Dissolving solid CaCl2 H2O in a large volume of water is endothermic to the extent of 14.6 kj/mol. Also given: CaCl2(s)+6H2O(l)->CaCl2* 6H2O(s) delta H = -97.0 kj what is the heat of solution of anhydrous CaCl2 in a large volume of water?

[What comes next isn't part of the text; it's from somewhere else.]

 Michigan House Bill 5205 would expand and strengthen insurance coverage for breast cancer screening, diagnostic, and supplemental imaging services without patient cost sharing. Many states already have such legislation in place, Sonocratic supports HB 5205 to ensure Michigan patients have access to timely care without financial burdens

Is that a typo first line. Perhaps should be CaCl2.6H2O. If so just add the two equations to obtain
CaCl2(s) ==> CaCl2(aq) about -82 kJ/mol but that isn't exact.

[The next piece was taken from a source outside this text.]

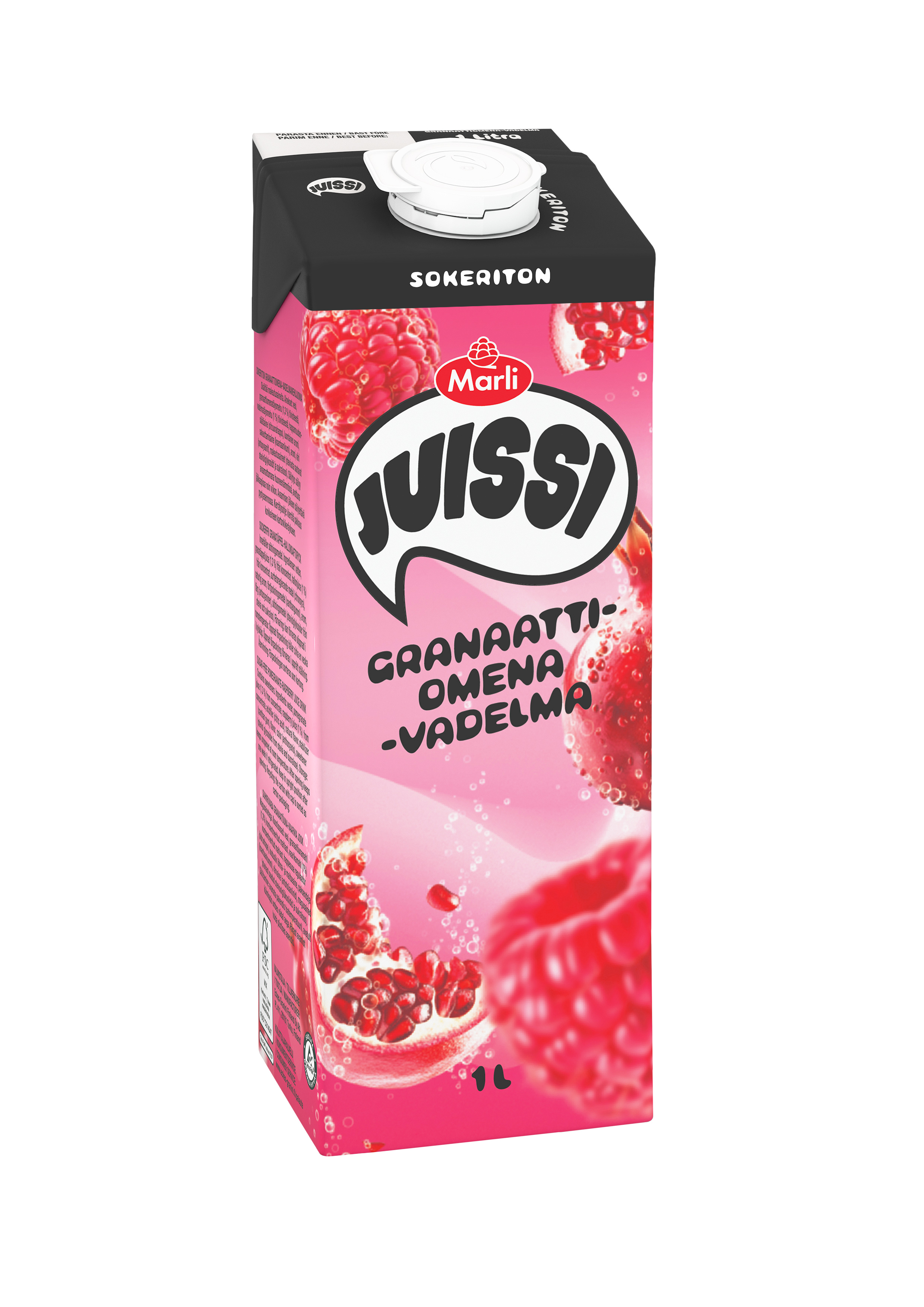 vesi, granaattiomenatäysmehu (1,7 %) tiivisteestä, vadelmatäysmehu (0,3 %) tiivisteestä, happamuudensäätöaine (sitruunahappo), sakeuttamisaine (ksantaanikumi), aromi, makeutusaineet (stevioliglykosidit ja sukraloosi), väri (antosyaani).

To find the heat of solution of anhydrous CaCl2 in a large volume of water, we need to consider the heat of hydration of CaCl2(s) and the heat of dissolution of anhydrous CaCl2.
The given equation for the dissolution of hydrated CaCl2 is:
CaCl2(s) + 6H2O(l) -> CaCl2 * 6H2O(s) ΔH = -97.0 kJ
This means that for every mole of hydrated CaCl2 that dissolves, 97.0 kJ of heat is released.

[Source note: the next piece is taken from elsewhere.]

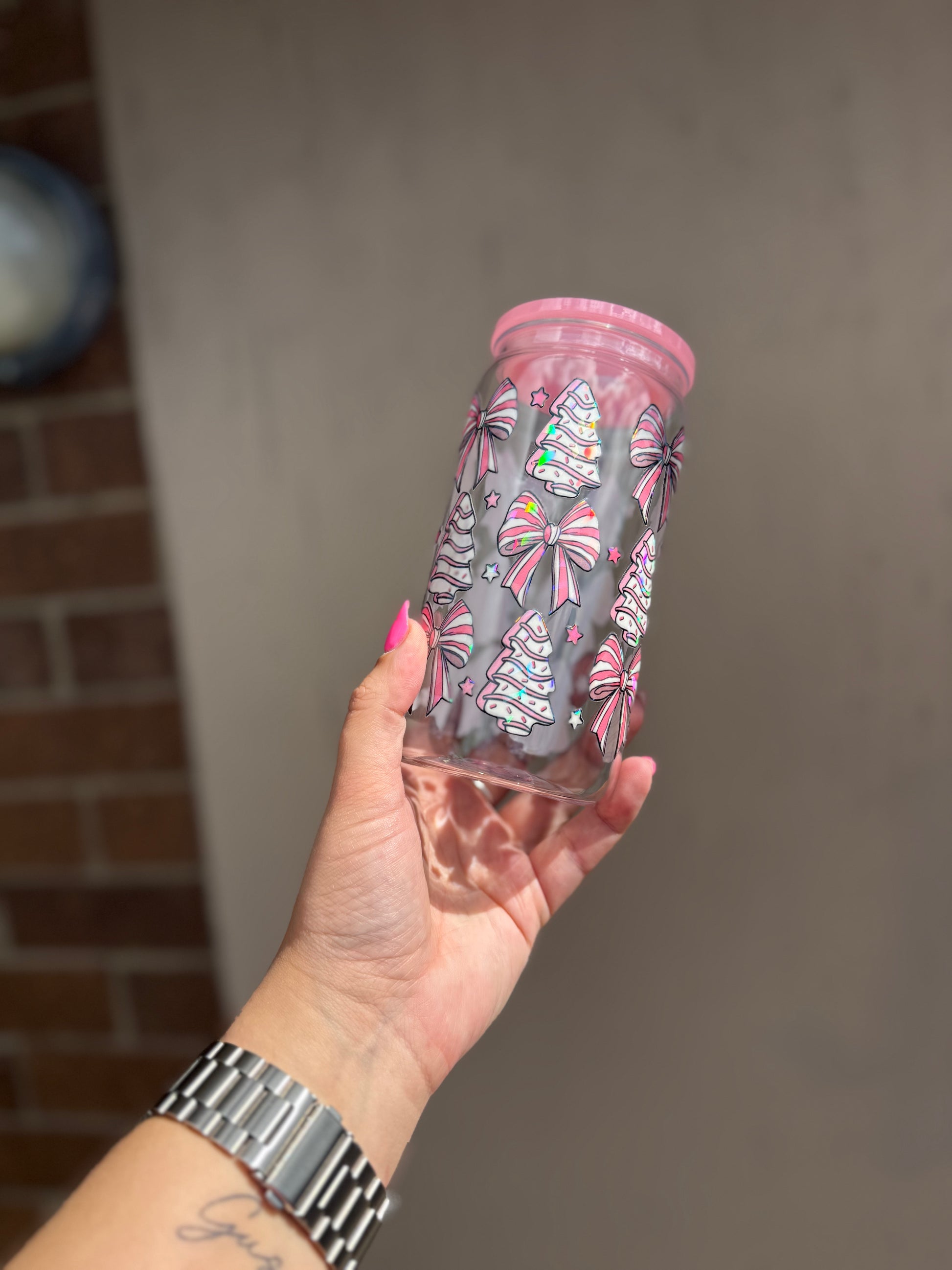 Sip in style this festive season with our Holographic Pastel Christmas tumbler! Featuring a dreamy blend of soft pink hues and shimmering holographic details, this whimsical design brings a modern twist to traditional holiday vibes. The charming tree motif adds a touch of seasonal magic, while the playful pastel palette keeps things fresh and fun. Perfect for your favourite iced coffee, or your favourite cold beverage, this tumbler is an instant mood-booster that celebrates Christmas with personality and sparkle.

Now, let's consider the process of dissolving anhydrous CaCl2:
CaCl2(s) -> CaCl2(aq) ΔH = ?
Since anhydrous CaCl2 does not contain water molecules, we need to consider the heat of hydration of CaCl2(s) to form CaCl2 * 6H2O(s). From the given information, we know that the heat of hydration is -97.0 kJ/mol.
To calculate the heat of solution of anhydrous CaCl2, we need to subtract the heat of hydration from the heat of dissolution of hydrated CaCl2:
Heat of Solution = Heat of Dissolution - Heat of Hydration
Heat of Solution = -97.0 kJ - (-97.0 kJ)
Heat of Solution = -97.0 kJ + 97.0 kJ
Heat of Solution = 0 kJ/mol
Therefore, the heat of solution of anhydrous CaCl2 in a large volume of water is 0 kJ/mol.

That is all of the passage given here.